Perhaps the “object” can locate the electronic in the social and cultural context of everyday life. It could link the richness of material culture with the new functional; and expressive qualities of electronic technology.”

p33

“A range of possibility exists between the ideas of the “pet” and the “alien”. While the pet offers familiarity, affection, submission and intimacy, the alien is the pet’s opposite, misunderstood and ostracised”

p71

“In the case of electronic products, hte “unique qualities” of the object of interaction is their potential as an electronic product to persuade the users as protagonists, through the user’s use of the object, to generate a narrative space where the understanding of the experience is changed or enlarged. By using the object, the protagonist enters a space between desire and determinism, a bizarre world of the “infra-ordinary” where strange stories show that truth is indeed stranger than fiction, and that our conventional experience of everyday life through electronic products is aesthetically impoverished.”

p89

“The space of the model lies on the border between representation and actuality. Like the frame of a painting, it demarcates a limit between the work and what lies beyond. And like the frame, the model is neither wholly inside or wholly outside, neither pure representation nor transcendent object. It claims a certain autonomous objecthood, yet this condition is always incomplete. The model is always a model of. The desire of the model is to act as a simulacrum of another object, as a surrogate which allows for imaginative occupation. (Hubert, `1981)”

p90

“From a product design point of view these models lack industrial realism; they look like craft objects, hand-made and probably one-off. But an expanded view of the conceptual design model might regard it as embodying the essence of the design idea, a “genotype” rather than a prototype, constructed from the materials at hand. If taken up for mass manufacture its construction and structure would undoubtedly change. The object’s “content” or “genes” are important, not it’s appearance. In the context of design, the conceptual model as genotype rather than prototype could allow it to function more abstractly by deflecting attention from an aesthetics of construction to an aesthetics of use.”

p101

“It might seem strange to write about radio, a long-established medium, when discussion today centres on cyberspace, virtual reality, networks, smart materials and other electronic tehcnologies. But radio, meaning part of the electromagnetic spectrum is fundamental to electronics. Objects not only “dematerialise” into software in response to minituarisation and replacement by services but literally dematerialise into radiation. All electronic products are hybrids of radiation and matter. This chapter does not discuss making the invisible visible or visualising radio, but explores the links between the material and the immaterial that lead to new aesthetic possibilities for life in an electromagnetic environment. Whereas cyberspace is a metaphor that spatialises what happens in computers distributed around the world, radio space is actual and physical, even though our senses detect only a tiny part of it.”

p111

“Objects designed to straddle both material and immaterial domains arouse curiosity about the fit between these worlds. Many military aircraft are now “teledynamic”, designed to fly undetected through fields of radar-frequency radiation. But teledynamic forms are not aerodynamic and to remain airborne their outline needs to be constantly adjusted by a computer. These aircraft fly through fusions of abstract digital, hertzian and atmospheric spaces.
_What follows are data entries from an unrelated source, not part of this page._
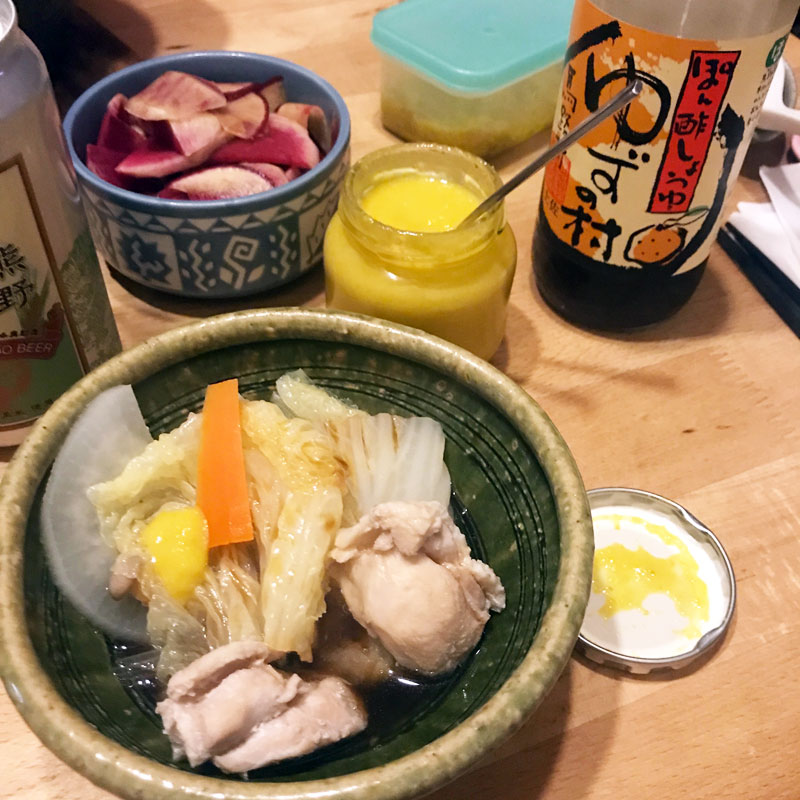 んー、今まで食べた柚子胡椒の中で一番美味しい。ひろみさんの柚子胡椒を待ってる人が何人もいるのわかる。僕もそこに入りたいもん(笑)冬は鍋、カミさんも僕も大の柚子胡椒好き。
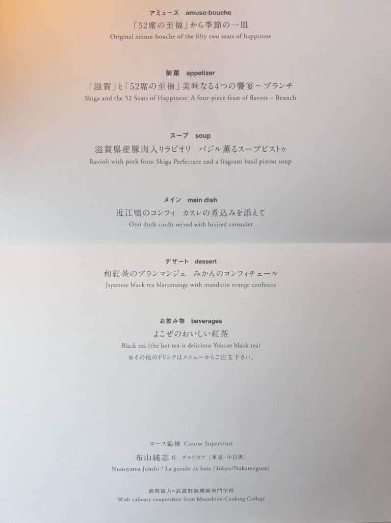 今期のメニューは、滋賀県出身の布山純志シェフ(La gueule de bois)が監修。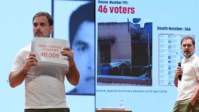ಮಹದೇವಪುರದಲ್ಲಿ ನಕಲಿ ವಿಳಾಸಗಳನ್ನು ಹೊಂದಿರುವ ‘40,009’ ಮತದಾರರಿದ್ದಾರೆ. ‘ಮನೆ ಸಂಖ್ಯೆ 0’ ಎಂಬ ಅಡ್ರೆಸ್ ಇರುವ ಹಲವರು ನೋಂದಾಯಿಸಿಕೊಂಡಿದ್ದಾರೆ. ಒಂದು ಪ್ರಕರಣದಲ್ಲಿ, 46 ಮತದಾರರು ಒಂದೇ ರೂಮಿನ ವಿಳಾಸದ ಅಡಿಯಲ್ಲಿ ನೋಂದಾಯಿಸಲ್ಪಟ್ಟಿದ್ದಾರೆ. ಆದರೆ ಆ ಸ್ಥಳಕ್ಕೆ ಭೇಟಿ ನೀಡಿದಾಗ, ಯಾರೂ ಅಲ್ಲಿ ವಾಸಿಸುತ್ತಿಲ್ಲ ಎಂದು ಗೊತ್ತಾಯಿತು ಎಂದು ರಾಹುಲ್ ಗಾಂಧಿ ಆರೋಪಿಸಿದ್ದಾರೆ. ನಕಲಿ ವಿಳಾಸಗಳೊಂದಿಗೆ 40,000 ನಮೂದುಗಳು ಮತ್ತು ಯಾವುದೇ ಫೋಟೋಗಳಿಲ್ಲದ ಸುಮಾರು 4,000 ನೋಂದಾಯಿತ ಮತದಾರರಿದ್ದಾರೆ ಎಂದು ಅವರು ಆರೋಪಿಸಿದ್ದಾರೆ.

Objects that I call “radiogenic” function as unwitting interfaces between the abstract space of eletomagnetism and the material cutlures of everyday life revealing unexpected points of contact between them.”

p111

“Aerialness” is a quality of an object considered in relation to the electromagneic environment. Even the human body is a crude monopole aerial. Although in theory precise laws govern the geometry of aerials, in reality it is a black art, a fusion of the macro world of perception and the imperceptible world of micro-electronics.”